Blending Flash into the Memory Fabric of the Next Generation of High-Performance Big Data Platforms

Through its high-performance key value storage engine (Helium™) and an analytics offload engine (Xenon™) that enable big data applications to interact seamlessly with enterprise SSDs, Levyx harnesses the power of today's most advanced hardware. Its software-only solutions provide fundamental building blocks for next-generation software-defined storage infrastructure. When combined with Intel's flash memory solutions (including enterprise SSDs and flash controllers), Levyx's software is able to improve the performance and efficiency of the world's leading big data platforms, both legacy and emerging—including Apache Spark*, Memcached, RocksDB, and LevelDB, to name a few. Levyx is able to leverage the benefits of flash/NVMe* and introduce persistence into environments that require ultra-low latency and microsecond response times that were once reserved for nonpersistent system memory (i.e., MCDRAM)—a game changer to say the least.

In addition, Levyx software is NVMe enabled. Specifically, our Helium data engine talks directly to the NVMe SSDs, fully bypassing the file system and kernel buffers, enabling better performance and maximum hardware performance. Helium also does flash-friendly read/write and issues low-level commands such as TRIM to once again achieve the highest throughput possible for the device. Our objective is to reduce read/write amplification and highly optimize the software I/O stack that sits between the (big data) application and the SSDs.

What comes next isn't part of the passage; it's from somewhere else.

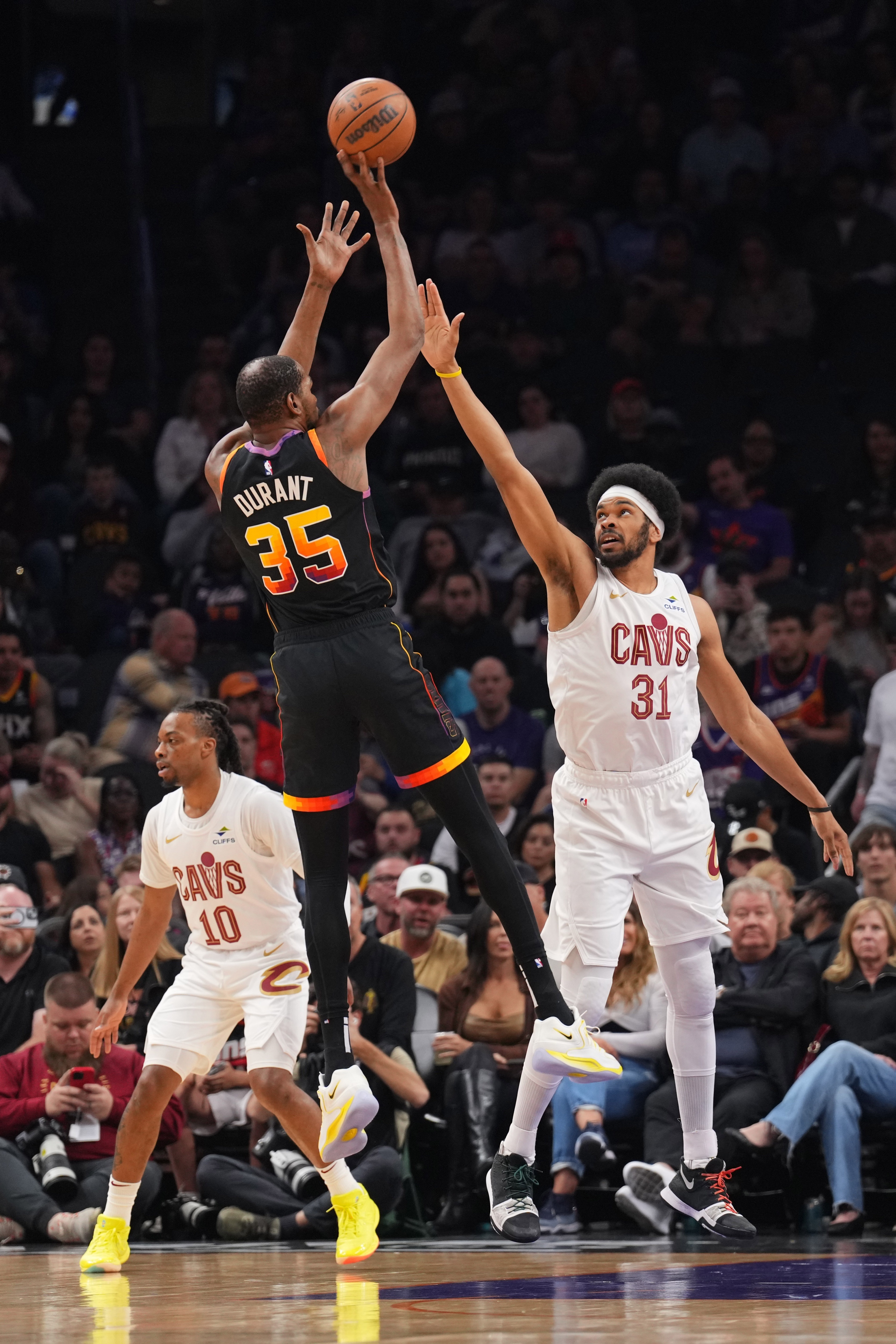 太陽下半場繼續(xù)點名軍訓(xùn)騎士的防守弱環(huán),杜蘭特?fù)醪瘘c名米切爾和斯特魯斯單打,無差別中距離單打騎士最好的防守者莫布里;布克也點名米切爾和加蘭,騎士單防壓力巨大,無奈采用了聯(lián)防,但被吉萊斯皮和鄧恩大空位三分射穿,太陽一度建立起20分領(lǐng)先優(yōu)勢。

NVMe is an integral part of our road map. Our software works across any block device; however it is specially designed for NVMe SSDs. It has been tested with many different types of SSDs but we have also specifically characterized our software with Intel's SSD DC P3608 series to achieve extraordinary results. Also, our software has the flexibility of using emerging APIs and features (e.g., streams) that are only accessible through interfaces like NVMe for additional quality of service and latency reduction, which are essential in big data applications used for real-time processing such as Apache Spark.

Most of our use cases are replacing memory-centric applications (for example, in-memory databases or caching). Since those applications are latency sensitive, we combine our software with NVMe drives (and hopefully very soon with storage class memory), to achieve unique solutions for a wide breadth of use cases.